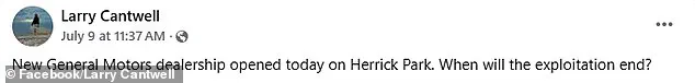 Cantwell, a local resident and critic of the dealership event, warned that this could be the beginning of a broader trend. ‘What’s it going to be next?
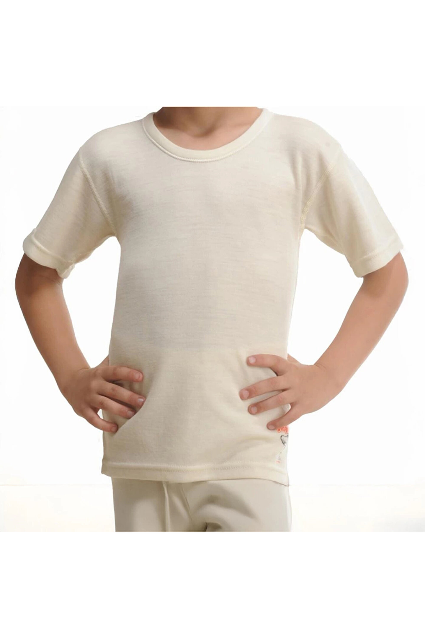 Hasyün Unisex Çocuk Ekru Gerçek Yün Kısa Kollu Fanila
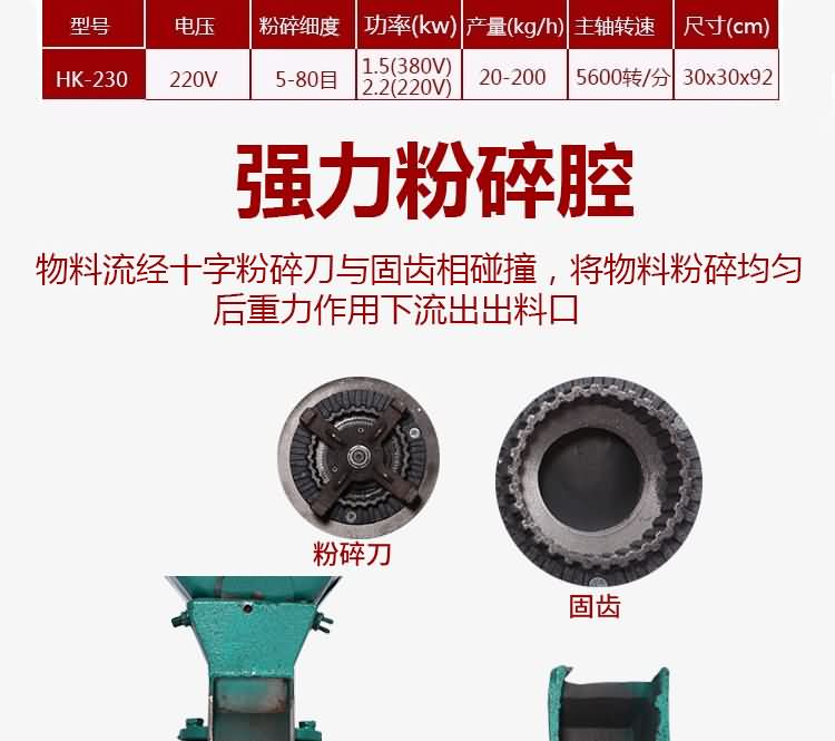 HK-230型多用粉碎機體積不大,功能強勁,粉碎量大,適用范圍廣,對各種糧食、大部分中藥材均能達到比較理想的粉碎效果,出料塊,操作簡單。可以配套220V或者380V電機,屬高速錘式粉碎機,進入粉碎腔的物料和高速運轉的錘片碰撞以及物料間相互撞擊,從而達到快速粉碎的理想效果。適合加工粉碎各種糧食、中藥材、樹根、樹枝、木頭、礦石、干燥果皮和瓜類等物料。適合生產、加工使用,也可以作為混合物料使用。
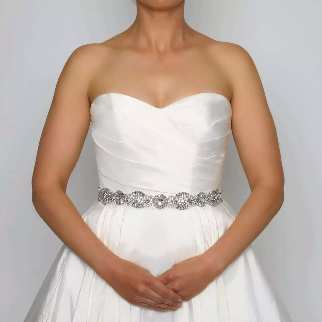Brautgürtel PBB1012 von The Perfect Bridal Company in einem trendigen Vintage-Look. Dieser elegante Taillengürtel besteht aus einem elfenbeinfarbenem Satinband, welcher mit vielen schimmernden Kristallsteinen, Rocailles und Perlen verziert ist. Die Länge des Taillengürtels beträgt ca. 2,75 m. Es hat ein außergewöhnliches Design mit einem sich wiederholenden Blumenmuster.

_ _ _ _ _ _ _

EXERCISE REQUIREMENTS. The listing is to be repeated word for word, with all pictures omitted.

EXPECTED OUTPUT.
 Cantwell, a local resident and critic of the dealership event, warned that this could be the beginning of a broader trend. ‘What’s it going to be next?
 Hasyün Unisex Çocuk Ekru Gerçek Yün Kısa Kollu Fanila
 HK-230型多用粉碎機體積不大,功能強勁,粉碎量大,適用范圍廣,對各種糧食、大部分中藥材均能達到比較理想的粉碎效果,出料塊,操作簡單。可以配套220V或者380V電機,屬高速錘式粉碎機,進入粉碎腔的物料和高速運轉的錘片碰撞以及物料間相互撞擊,從而達到快速粉碎的理想效果。適合加工粉碎各種糧食、中藥材、樹根、樹枝、木頭、礦石、干燥果皮和瓜類等物料。適合生產、加工使用,也可以作為混合物料使用。
Brautgürtel PBB1012 von The Perfect Bridal Company in einem trendigen Vintage-Look. Dieser elegante Taillengürtel besteht aus einem elfenbeinfarbenem Satinband, welcher mit vielen schimmernden Kristallsteinen, Rocailles und Perlen verziert ist. Die Länge des Taillengürtels beträgt ca. 2,75 m. Es hat ein außergewöhnliches Design mit einem sich wiederholenden Blumenmuster.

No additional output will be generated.